*Material provided:*
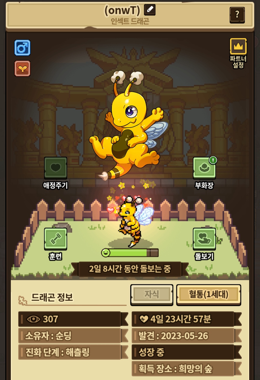 근데 타이밍이 좋게 애정주기가 뜬 해치상태에서
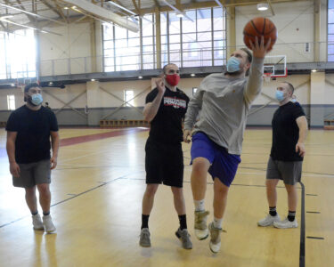 Staff photo / R. Michael Semple .... YSU students get in a game of basketball at the Andrews Wellness Center on Saturday. From left are Devin Ritchie of Mineral Ridge, Jacob Maderitz of Girard, Aaron Frantz of McDonald and Matt Weiss of Girard.
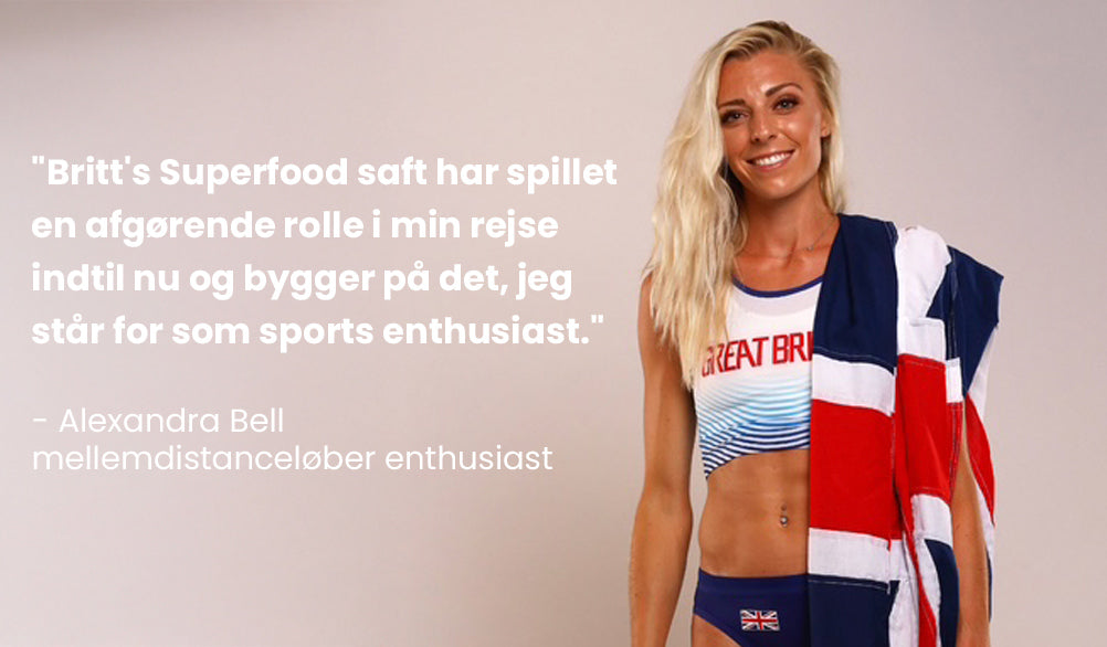 ”At komme sig hurtigere for at kunne yde sit bedste dag efter dag er altid en eftertragtet vej for enhver sports entusiast . Jeg føler mig heldig over at drikke Britt’s Superfoods juice i et stykke tid nu og kan mærke fordelene. Husk, du behøver ikke at være olympisk atlet for at sætte dit helbred som en topprioritet!”
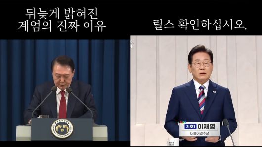 윤석열 전 대통령이 단상에 서서 "제가 계엄을 선포한 진짜 이유는 여러분이 제가 보낸 릴스를 보지 않았기 때문입니다. 지금이라도 확인하고 답장하십시오. 마지막 기회입니다"라고 말합니다.
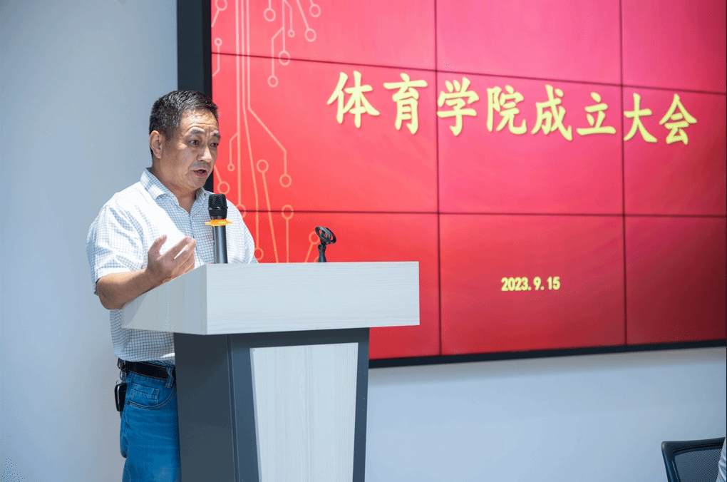 体育学院党总支书记夏磊、院长贾树波、副院长王群英分别致辞。对体育学院改系设院的发展历程进行回顾,向学校各级部门和领导的指导与支持,体育学院全体教师共同奋斗与努力表示感谢。并对体育学院站在新起点的教学、科研、管理、服务等工作进行规划部署。
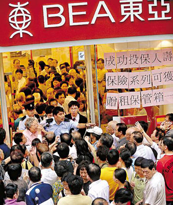 东亚银行上周三受到不利谣言影响,港九多家分行出现排队提款人龙。东亚银行为了加强市民信心,当日更特别延长服务时间半小时。该行管理层强调,东亚银行有足够资金应付市民提款,而被提走的存款金额,相对该行所预备的金额只占很少数目。
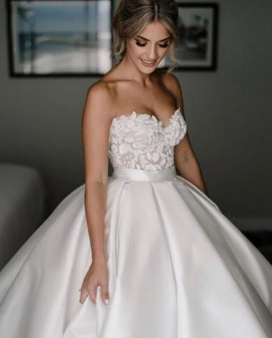 Ladies Sleeveless Princess Wedding Dress Satin Sweetheart Lace Bridal
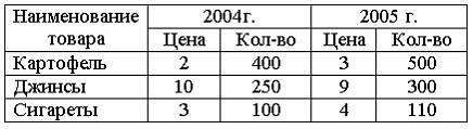 Список вопросов базы знанийОсновы экономической теории (курс 1)Вопрос id:1972893 Тема/шкала: 1657.03.01;Т-Т.01;2 - Тест-тренинг - Основы экономической теории Предположим, что в Республике Вилариби производятся три вида товаров. Цены и объемы их производства представлены в ниже приведенной таблице. Если 2004 г. является базовым, то дефлятор ВВП в 2005 г. равен?) 1,07 ?) 1,03 ?) 1,13 ?) 0,96 Вопрос id:1972894 Тема/шкала: 1657.03.01;Т-Т.01;2 - Тест-тренинг - Основы экономической теории Предположим, что в Республике Каламбии производятся три вида товаров. Цены и объемы их производства представлены в ниже приведенной таблице. Если 2004 г. является базовым, то дефлятор ВВП в 2005 г. равен?) 1,18 ?) 1,12 ?) 0,97 ?) 1,04 Вопрос id:1972895 Тема/шкала: 1657.03.01;Т-Т.01;2 - Тест-тренинг - Основы экономической теории Предположим, что в Республике Каламбии производятся три вида товаров. Цены и объемы их производства представлены в ниже приведенной таблице. Если 2004 г. является базовым, то индекс потребительских цен в 2005 г. равен?) 121,5% ?) 112,4% ?) 105,6% ?) 98,7% Вопрос id:1972896 Тема/шкала: 1657.03.01;Т-Т.01;2 - Тест-тренинг - Основы экономической теории Предположим, что в Республике Кентаврии производятся три вида товаров. Цены и объемы их производства представлены в ниже приведенной таблице Если 2004 г. является базовым, то дефлятор ВВП в 2005 г. равен?) 1,16 ?) 1,23 ?) 1,21 ?) 1,04 Вопрос id:1972897 Тема/шкала: 1657.03.01;Т-Т.01;2 - Тест-тренинг - Основы экономической теории Предположим, что в Республике Кентаврии производятся три вида товаров. Цены и объемы их производства представлены в ниже приведенной таблице Если 2004 г. является базовым, то индекс потребительских цен в 2005 году равен?) 104,7% ?) 98,6% ?) 116,5% ?) 120,1% Вопрос id:1972898 Тема/шкала: 1657.03.01;Т-Т.01;2 - Тест-тренинг - Основы экономической теории Предположим, что в Республике Омега производятся три вида товаров. Цены и объемы их производства представлены в ниже приведенной таблице Если 2004 г. является базовым, то дефлятор ВВП в 2005 г. равен?) 1,13 ?) 1,01 ?) 0,98 ?) 0,95 Вопрос id:1972899 Тема/шкала: 1657.03.01;Т-Т.01;2 - Тест-тренинг - Основы экономической теории Предположим, что в Республике Омега производятся три вида товаров. Цены и объемы их производства представлены в ниже приведенной таблице Если 2004 год является базовым, то дефлятор ВВП в 2005 году был равен?) 1,04 ?) 1,21 ?) 1,15 ?) 0,97 Вопрос id:1972900 Тема/шкала: 1657.03.01;Т-Т.01;2 - Тест-тренинг - Основы экономической теории Предположим, что в Республике Омега производятся три вида товаров. Цены и объемы их производства представлены в ниже приведенной таблице. Если 2004 г. является базовым, то индекс потребительских цен в 2005 г. равен?) 91% ?) 108% ?) 103% ?) 97% Вопрос id:1972901 Тема/шкала: 1657.03.01;Т-Т.01;2 - Тест-тренинг - Основы экономической теории Предположим, что в Республике Швамбрании производятся три вида товаров. Цены и объемы их производства представлены в ниже приведенной таблице. Если 2004 г. является базовым, то дефлятор ВВП в 2005 г. равен?) 1,21 ?) 1,07 ?) 0,94 ?) 1,16 Вопрос id:1972902 Тема/шкала: 1657.03.01;Т-Т.01;2 - Тест-тренинг - Основы экономической теории Предположим, что в Республике Швамбрании производятся три вида товаров. Цены и объемы их производства представлены в ниже приведенной таблице. Если 2004 г. является базовым, то индекс потребительских цен в 2005 г. равен?) 99,1% ?) 106,6% ?) 97,4% ?) 104,2% Вопрос id:1972903 Тема/шкала: 1657.03.01;Т-Т.01;2 - Тест-тренинг - Основы экономической теории При инфляции в наибольшей степени в государственной поддержке нуждаются ?) наемные работники, раб

*Task details:* In the material above, one part opens with the line containing "윤석열 전 대통령이 단상에" and closes with the line containing "Ladies Sleeveless Princess". Write out that part exactly and skip its pictures.

*Solved exercise:*
 윤석열 전 대통령이 단상에 서서 "제가 계엄을 선포한 진짜 이유는 여러분이 제가 보낸 릴스를 보지 않았기 때문입니다. 지금이라도 확인하고 답장하십시오. 마지막 기회입니다"라고 말합니다.
 体育学院党总支书记夏磊、院长贾树波、副院长王群英分别致辞。对体育学院改系设院的发展历程进行回顾,向学校各级部门和领导的指导与支持,体育学院全体教师共同奋斗与努力表示感谢。并对体育学院站在新起点的教学、科研、管理、服务等工作进行规划部署。
 东亚银行上周三受到不利谣言影响,港九多家分行出现排队提款人龙。东亚银行为了加强市民信心,当日更特别延长服务时间半小时。该行管理层强调,东亚银行有足够资金应付市民提款,而被提走的存款金额,相对该行所预备的金额只占很少数目。
 Ladies Sleeveless Princess Wedding Dress Satin Sweetheart Lace Bridal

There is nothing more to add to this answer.